Bei allen Tätigkeiten mit Gefahrstoffen sind neben den Grundpflichten (nach § 7 GefStoffV) und den Allgemeine Schutzmaßnahmen (nach § 8 GefStoffV) auch bestimmte Grundsätze einzuhalten, die in Technischen Regeln für Gefahrstoffe enthalten sind, beispielsweise in der TRGS 500. Diese betreffen z. B. die Arbeitsplatzgestaltung und Arbeitsorganisation, die Bereitstellung geeigneter Arbeitsmittel sowie die Arbeitsplatzhygiene. 

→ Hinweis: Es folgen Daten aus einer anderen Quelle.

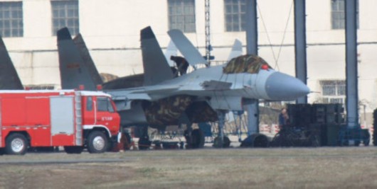 資料圖:日前在中國網(wǎng)絡(luò)上出現(xiàn)的殲-15(J-15)艦載戰(zhàn)斗機機的照片再次引發(fā)熱議。

Die Maßnahmen zum Schutz vor Gefahrstoffen orientieren sich grundsätzlich an den dem Gefahrstoff zugeordneten Gefährlichkeitsmerkmalen, der verwendeten Stoffmenge, der nach Dauer und Höhe zu erwartenden Exposition sowie der Arbeitsbedingungen und werden in der Gefährdungsbeurteilung ermittelt und festgelegt. Wenn die Schutzmaßnahmen der Grundpflichten und der Allgemeinen Schutzmaßnahmen nicht ausreichen, Beschäftigte und Umwelt ausreichend zu schützen, so sind die Zusätzlichen Schutzmaßnahmen (nach § 9 GefStoffV) und ggf. die Besonderen Schutzmaßnahmen zu berücksichtigen, die auf drei weitere Paragraphen der Gefahrstoffverordnung verteilt sind:
  ●  Besondere Schutzmaßnahmen für Tätigkeiten mit krebserzeugenden, keimzellmutagenen und reproduktionstoxischen Stoffen (§ 10 GefStoffV);
  ●  Besondere Schutzmaßnahmen gegen physikalisch-chemische Einwirkungen (§ 11 GefStoffV);
  ●  Spezielle Anforderungen an Tätigkeiten mit explosionsgefährlichen Stoffen und organischen Peroxiden (Anhang III GefStoffV).

Das Schutzmaßnahmenkonzept ist nach wie vor ein additives Konzept: Die Schutzmaßnahmen des § 8 sind immer alle bei allen Tätigkeiten einzuhalten, auch bei Tätigkeiten mit geringer Gefährdung. Reichen diese Maßnahmen nicht aus, sind aus der Zusammenstellung der zusätzlichen Schutzmaßnahmen die erforderlichen auszuwählen und umzusetzen. Handelt es sich um Tätigkeiten mit CMR-Stoffen oder brand- und explosionsgefährlichen Stoffen, so sind die in den entsprechenden Paragraphen genannten Schutzmaßnahmen jeweils alle zusätzlich einzuhalten. Das sog. TOP-Prinzip (Technisch vor Organisatorisch vor Persönlich) beschreibt die Reihenfolge der Schutzmaßnahmen.